He licked her cheek, and turned his nose away. Huf! Powder! But Fleur lay like the dead. And she saw herself lying—the curve of her hip, the chestnut glow in her short hair; she heard the steady beat of her heart. Get up! Go out! Do something! But what—what was worth doing? What had any meaning in it? She saw herself doing—extravagant things; nursing sick women; tending pale babies; making a speech in Parliament; riding a steeplechase; hoeing turnips in knickerbockers—decorative. And she lay perfectly still, bound by the filaments of her self-vision. So long as she saw herself she would do nothing—she knew it—for nothing would be worth doing! And it seemed to her, lying there so still, that not to see herself would be worse than anything. And she felt that to feel this was to acknowledge herself caged for ever.

Ting-a-ling growled, turning his nose towards the windows. “In here,” he seemed to say, “we are cosy; we think of the past. We have no use for anything outside. Kindly go away—whoever it is out there!” And again he growled—a low, continuous sound.

“What is it, Ting?”

Ting-a-ling rose on his fore-legs, with muzzle pointed at the window.

“Do you want your walk?”

“No,” said the growl.

Fleur picked him up. “Don’t be so silly!” And she went to the window. The curtains were closely drawn; rich, Chinese, lined, they excluded the night. Fleur made a chink with one hand, and started back. Against the pane was a face, the forehead pressed against the glass, the eyes closed, as if it had been there a long time. In the dark it seemed featureless, vaguely pale. She felt the dog’s body stiffen under her arm—she felt his silence. Her heart pumped. It was ghastly—face without body.

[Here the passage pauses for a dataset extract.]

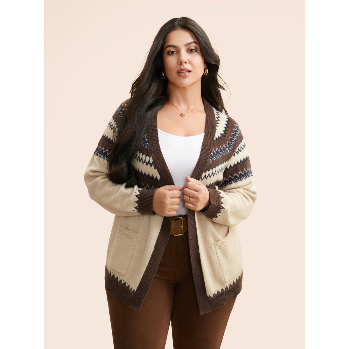 Plus Size Supersoft Essentials Bandana Jacquard Pocket Cardigan DarkBrown Women Leisure Loose Long Sleeve Casual Cardigans BloomChic 26/4X

Suddenly the forehead was withdrawn, the eyes opened. She saw—the face of Wilfrid. Could he see in-see her peering out from the darkened room? Quivering all over, she let the curtains fall to. Beckon? Let him in? Go out to him? Wave him away? Her heart beat furiously. How long had he been out there—like a ghost? What did he want of her? She dropped Ting-a-ling with a flump, and pressed her hands to her forehead, trying to clear confusion from her brain. And suddenly she stepped forward and flung the curtains apart. No face! Nothing! He was gone! The dark, draughty square—not a soul in it! Had he ever been—or was the face her fancy? But Ting-a-ling! Dogs had no fancies. He had gone back to the fire and settled down again.

‘It’s not my fault,’ she thought passionately. ‘It’s not! I didn’t want him to love me. I only wanted his—his—!’ Again she sank down before the fire. “Oh! Ting, have a feeling heart!” But the Chinese dog, mindful of the flump, made no response…

Chapter XI.

COCKED HAT

After missing his vocation with the young man Butterfield, Michael had hesitated in the hall. At last he had not gone upstairs again, but quietly out. He walked past the Houses of Parliament and up Whitehall. In Trafalgar Square, it occurred to him that he had a father. Bart might be at ‘Snooks’, The Coffee House, The Aeroplane; and, with the thought, ‘He’d be restful,’ he sought the most modern of the three.

“Yes, Sir Lawrence Mont is in the lounge, sir.”

He was sitting with knees crossed, and a cigar between his finger-tips, waiting for some one to talk to.

“Ah! Michael! Can you tell me why I come here?”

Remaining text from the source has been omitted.